- The Washington Times - Monday, October 3, 2005

Four adopted boys who officials say were found starving in New Jersey two years ago will receive almost $13 million from the state under a settlement filed yesterday.

The awards — $5 million to an older brother and $2.5 million to each of the three younger boys — will be one of the largest damage awards paid by New Jersey, said Marcia Robinson Lowry, the boys’ guardian ad litem and executive director of Children’s Rights.

“No amount of money can undo the damage done to these children or diminish the fact that the state blatantly shirked its responsibility to ensure their safety and well-being,” Ms. Lowry said.

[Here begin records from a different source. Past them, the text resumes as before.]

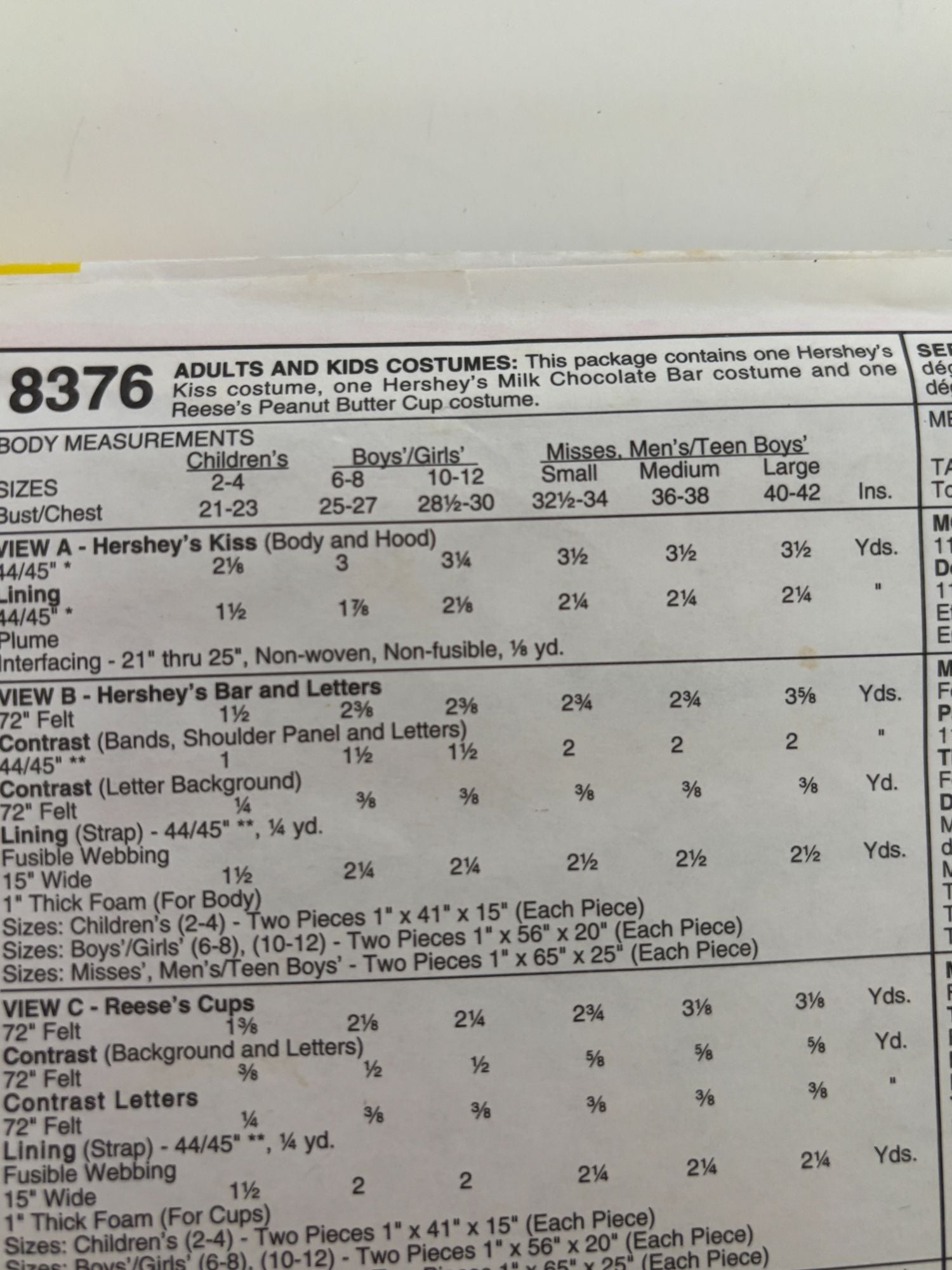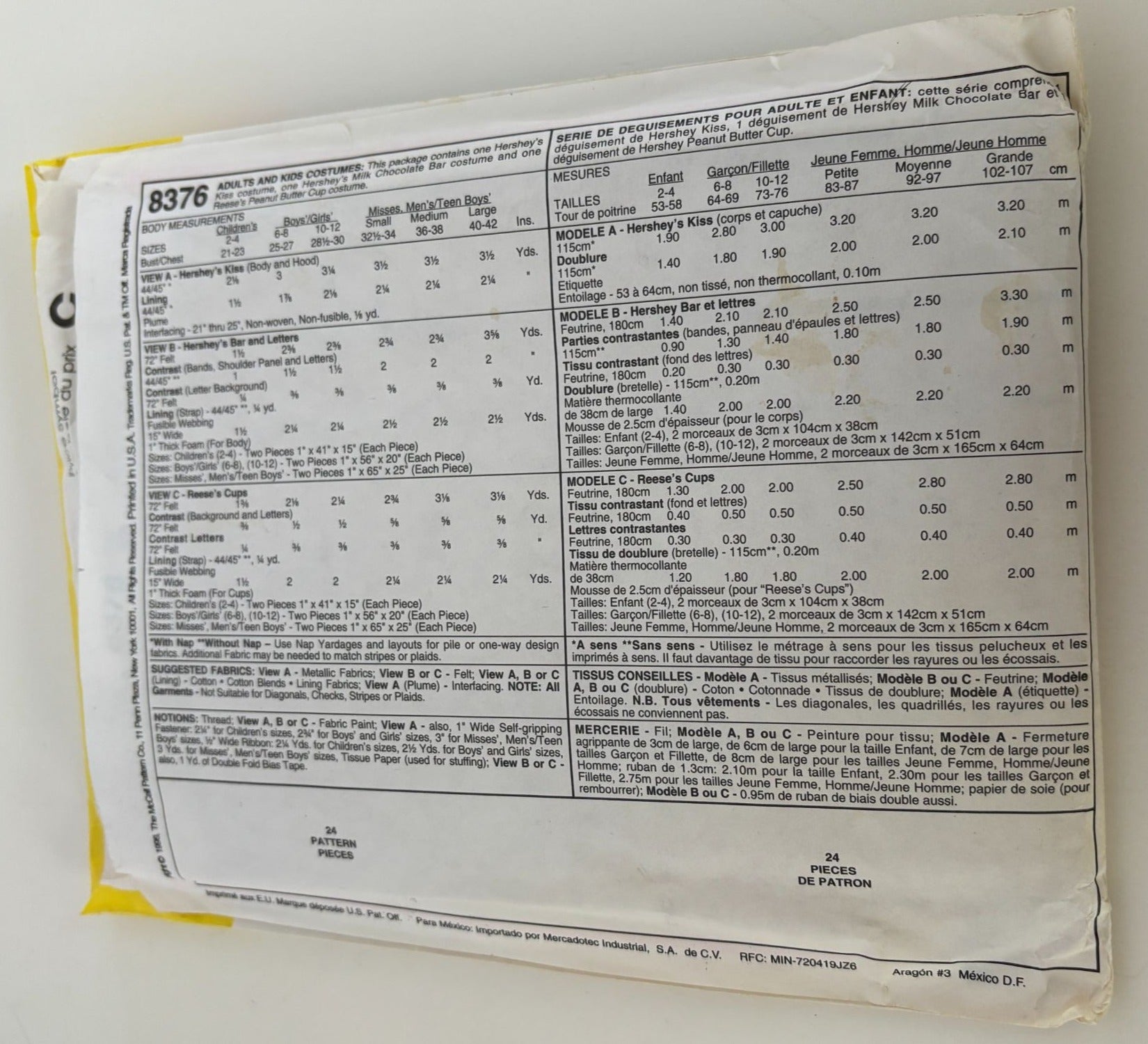 McCalls Sewing Pattern 8376 Halloween Candy Costume Hersheys Kiss Reeses Kid 6 8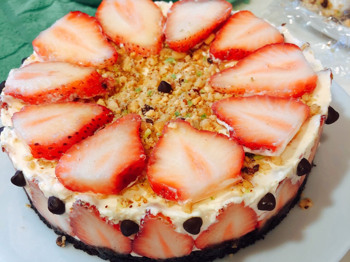 我在草莓片底下鋪了一些打發鮮奶油 邊邊放帶苦的巧克力豆遮一下 封面圖是有鋪鮮奶油的 但對我來說很膩而且蓋過不少乳酪味 所以我只放一點 其實也可以不放 不然買一罐鮮奶油其他地方用不到 開三天就要丟 卻只用一點點 很浪費~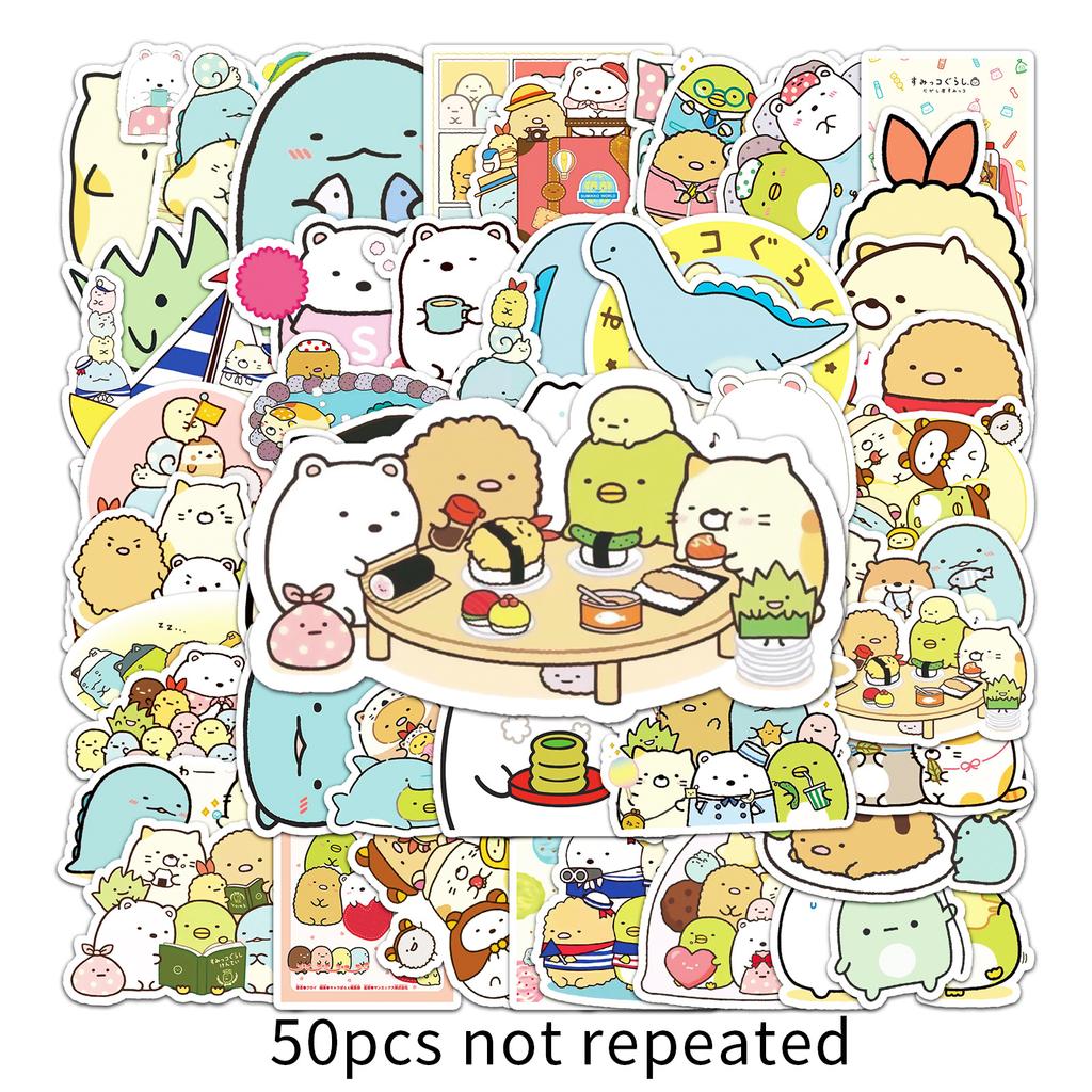 50 Pictures of Cute Creatures In The Corners and Doodle Personalized Cartoon Hand Note Gu Card DIY Skateboard Suitcase Stickers

The settlement, which was filed yesterday in U.S. District Court in New Jersey, is based on an offer made by the state earlier this year, said Andy Williams, spokesman for the New Jersey Department of Human Services (DHS). DHS Commissioner James M. Davy is a signatory of the documents.

The shocking story of Bruce Jackson and his younger brothers, identified as K.J., T.J. and M.J., emerged in October 2003, when a neighbor called police after seeing Bruce Jackson, then age 19, looking through garbage cans in the middle of the night.

None of the boys weighed more than 45 pounds, authorities found. The boys’ adoptive parents, Raymond and Vanessa Jackson of Collingswood, N.J., said they cared for the children properly and blamed their low weights on severe eating disorders.

Supporters of the couple created a Web site for them at www.savethejacksons.org, which shows the boys in nice clothes, energetic and smiling at home and at church.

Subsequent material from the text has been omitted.